G Chandrasekhar | Updated on June 15, 2014




Prices of the commodity remain subdued despite strong market fundamentals

The castor oil market in India presents a strange anomaly, with prices remaining subdued despite strong fundamentals.

Castor oil is a versatile vegetable oil with a variety of industrial applications and limited substitutes. It enjoys nearly inelastic demand. It is used in soaps, resins, paints, varnish, lubricants, plasticisers and so on.

It is also a partial substitute for mineral oil. The long shelf life of castorseed also enables stock-building.

India’s stronghold

India is the world’s largest producer of castor seed and oil, its largest processor and the largest exporter, accounting for as much as 80 per cent of world supplies.

Derivatives made out of castor oil command a premium price. India has enjoyed a near-monopolistic position in the world castor market for very long years. Under the circumstances, India should be a price-setter; but it hasn’t actually leveraged this position.

Again, the dominant position should have resulted in immense economic benefit to all participants in the value chain — seed growers, seed crushers, traders and oil exporters.

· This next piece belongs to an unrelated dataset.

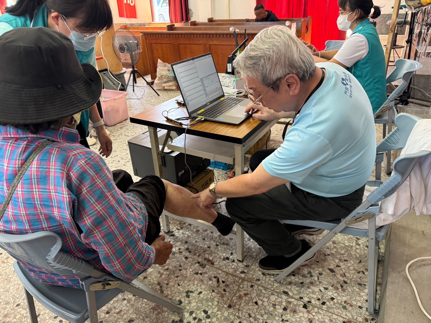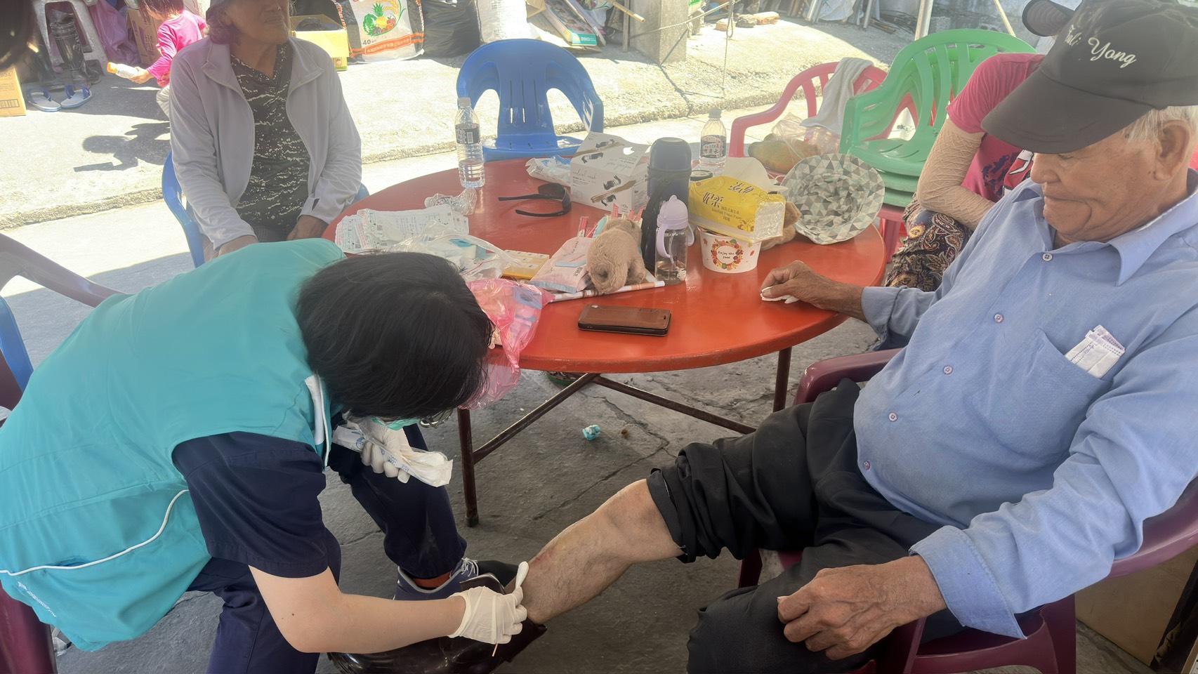 護理師揹著沉甸甸的醫療箱,踩著泥濘的道路,挨家挨戶敲門探望:「伯伯,今天傷口有沒有比較好?」「阿嬤,藥有沒有按時吃?」當發現有人腿上傷口需要換藥,他們就在家裡的門口或客廳,細心清理、重新包紮,還不忘輕聲提醒要多休息、記得吃藥。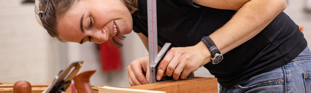 This comprehensive course builds foundational hand skills that are essential to completing many fine woodworking projects. The class is suitable for both beginners looking to jump-start a hobby in woodworking and intermediate/advanced students looking to refresh their skills. Topics include sharpening, tuning, and the use of basic hand tools, including paring chisels, hand planes, dovetail saws, card scrapers, and marking gauges; characteristics of wood and wood movement in furniture making; and cutting dovetails and mortise and tenon joinery using flat and square reference surfaces. Demonstrations and exercises develop skills such as chopping and paring with a chisel and hand planning. Traditional cabinet-making practices are explained throughout the course, and instructors emphasize how these methods can be used systematically in any woodworking project. Each student will complete a box with a sliding lid. This course focuses on handwork at the bench. Check out our Fundamentals of Machine Woodworking class if you are looking to learn more about machines. Many students take both classes. If you are just looking to get your feet wet in the shop, check out our Woodworking 101 class.

Yet this has generally not been the case. The farmer has hardly benefited, if at all.

Rising consistently over the last three years, castor oil exports out of the country reached a new high during last fiscal.

Traditionally, Europe and the US have been the markets for Indian castor oil; but new destinations are now emerging with shipments to China and other markets.

The current situation is that despite constructive market fundamentals — falling seed production, rising oil exports and tightening stocks — castorseed rates have remained subdued at around ₹4,000 a quintal for several months now. This is a situation that market fundamentals do not seem to justify.

There is suspicion of concerted efforts to keep the seed rates as low as possible so that processors and exporters are able to source the raw material at attractive prices for themselves, at the expense of the growers.

At the same time, export prices do not adequately reflect the bargaining strength a near-monopolist can demonstrate, either. The current export rates of around $1300 a tonne free-on-board have the potential to sharply move up to, say, $1,700-1,800 a tonne; and the overseas market can absorb it.

Favourable policies

Are Indian exporters throwing away a precious commodity at low prices?

Who benefits from the ongoing price play?

Obviously, the case for enforcing policies that ensure higher economic benefits from the country’s near-monopolistic position in the world market is strong.

Because the physical market and the futures market feed on each other, it is imperative that commodity futures exchanges and the market regulator pay attention to the seemingly anomalous price situation and inequitable flow of economic benefits to stakeholders, especially growers of castorseed.